Neventi avait été pensée et construite comme un labyrinthe, de telle sorte que quiconque y avait pénétré sans une autorisation préalable, n’en ressortait jamais.
Ils arrivèrent enfin à la grande porte et ses hautes murailles.
- Qu’avez-vous vu ? Demanda Loár au capitaine des gardes.
- C’était furtif Madame. A l’Ouest, une masse sombre au niveau de la mer qui ensuite est remontée dans les nuages.
Loár regarda aussi loin que sa vue lui permettait mais ne vit que de lourds nuages chargés de pluie qui se dirigeait vers la cité Elfe.
- Hum… hésita le capitaine, félicitation pour votre mariage.
- Merci. Je ne vois rien.
- Peut-être une fausse alerte Madame.
Le cor résonna de nouveau, mais cette fois du mur Est. Ils s’y rendirent.
Héol les avait devancés. Elle comprit au regard de son mari, la gravité de la situation : la masse sombre n’était autre qu’un gigantesque dragon aux écailles bleu nuit et qui volait vers eux à une vitesse prodigieuse. Il avait traversé la brume qui protégeait l’île et la cité sans aucune incidence.
Plus il approchait, plus ils entendaient le terrible claquement de langue que l’immonde bête produisait et qui résonnait sur l’eau agitée. D’un coup de queue, il fendit la muraille créant une crevasse béante dont s’échappait de lourds rochers.

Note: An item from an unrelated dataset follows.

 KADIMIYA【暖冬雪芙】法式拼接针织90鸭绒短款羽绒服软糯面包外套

Le combat fut d’une violence inouïe : les archers tirèrent leurs flèches dont les pointes rebondissaient sur les écailles du monstre ailé. Les Kiez essayaient de grimper sur le dragon afin de planter leurs épées dans son corps écailleux, dur comme la pierre. Ils tombèrent des centaines de mètres plus bas, leurs cadavres s’écrasant dans les rues pavées dévastées et ensanglantées. Quand il ne resta que sang et ruine, le dragon s’envola sous les yeux des survivants.

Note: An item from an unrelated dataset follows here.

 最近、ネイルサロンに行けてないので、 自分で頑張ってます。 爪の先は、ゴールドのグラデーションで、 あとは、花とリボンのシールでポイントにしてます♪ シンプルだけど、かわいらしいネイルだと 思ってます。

Beaucoup d’Elfes périrent en ce jour sous le feu et les griffes du Claque-Langue.
***
Les derniers pétales retombèrent dans la mare. La dragonne d’eau et sa famille n’étaient plus qu’un point à l’horizon.
Les époux se tenaient toujours la main. Leurs yeux rougis laissèrent couler des larmes aussi pures que le diamant.